Every dynamic application comprises data that is stored in the database. When the server receives the client request, it processes the request and fetches the data from the database which in turn is sent to the client. An application using a disk-based database can pose performance challenges in spite of using query optimization techniques or schema design enhancements.
To ensure the application to be scalable and to have low latency, the in-memory cache is used. The main purpose of cache is to reduce the time needed to access data. Storing the frequently accessed data in cache reduces the number of database operations.
Types of Database Caches
An integrated cache is a database built-in capability and is managed within the database(Example — Amazon Aurora). When there is a change in the data, the database automatically updates the cache. The downside of this type is the size allocated by the database to the cache and the cache data cannot be shared with other instances.
A local cache stores the frequently used data within the application. This makes data retrieval faster than other caching architectures as it removes network traffic in retrieving data.
The major challenge in the local cache is, data sharing becomes critical in distributed environments. For example, if the application uses multiple servers, coordinating the values across these servers becomes a major challenge, if each server owns its own cache. Also, when outages occur, the data in the local cache is lost.
A remote cache has separate instance(s) for storing the cached data in-memory on dedicated servers and are built on key/value stores, such as Redis and Memcached. This is ideal for distributed environments as they work as a connected cluster.
There are two common approaches that can be used while caching the database. They are cache-aside or lazy loading (a reactive approach) and write-through (a proactive approach). The approach should be selected based on the application objectives.
Cache-Aside (Lazy Loading) Approach
The cache-Aside approach updates the cache after the data is requested from the database. The data retrieval follows the below process
- When an application needs to fetch the data from the database, it first checks for the data in the cache.
- If the cache has the data, the cached data is returned to the application. This avoids the unnecessary request being made to the database.
- If cache misses the data, the database is queried for the data. Then the cache is populated with the data retrieved from the database and the data is returned to the caller.
- The cache contains only the data that the application requests. This keeps the cache size cost-effective.
- This approach has immediate performance gains.
- As the data is loaded into cache only when data is missed in the cache, there will be an overhead in the initial response time for the first request.

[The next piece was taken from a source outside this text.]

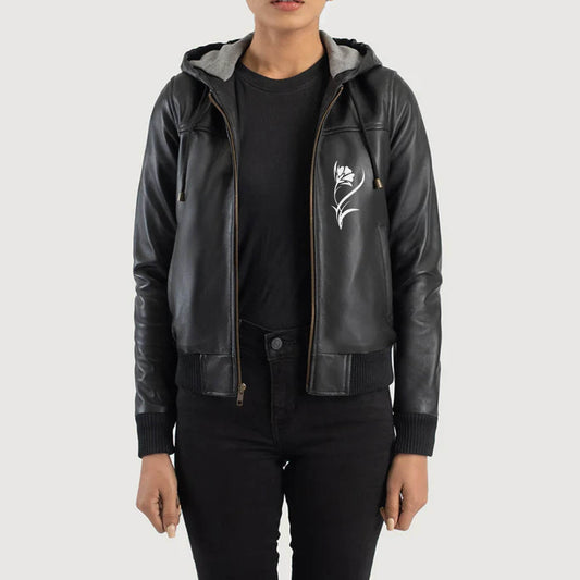 Brown Hooded Leather Bomber Jacket

- The occurrence of stale data. As the cache is updated only when there is a cache-miss, the data in the cache becomes stale. This can be overcome using Write-through or Time To Live(TTL) strategies.
This is a proactive approach where the data is updated in the cache whenever the database is updated. The data retrieval happens as below.
- The backend process or the application updates the database
- The cache is updated immediately with the latest data.
- The data in the cache will never be stale, as the cache is updated every time the data is updated.
- The database read operations are minimized thus improving the performance.
- As all the data are updated in the cache, the infrequently requested data are also written into cache resulting in cache churn and making the cache larger and more expensive.
Time to Live (TTL)
To avoid stale data and to achieve optimum cache size, cache expiration or Time to Live can be set. TTL specifies the number of seconds/milliseconds until a particular key/value in the cache expires. When the application tries to access the expired value from the cache, the database is queried for the key and the cache is updated. This maintains the cache to be refreshed occasionally.
Adding some time jitter to the expiration time is important to reduce the possibility of database load when all the data expires. This will reduce the pressure on the database as well as lowers the CPU usage on the cache engine.
Before deciding the caching pattern, it is important to analyze the frequency of the underlying data update. It is also important to evaluate the risk of outdated data returned to the application. For example, the TTL can be set higher to static data as there is less risk of outdated data. But while caching the dynamic data, lower TTL has to be set to reduce the risk of outdated data. Applying appropriate TTL to the cached keys will give a huge performance boost.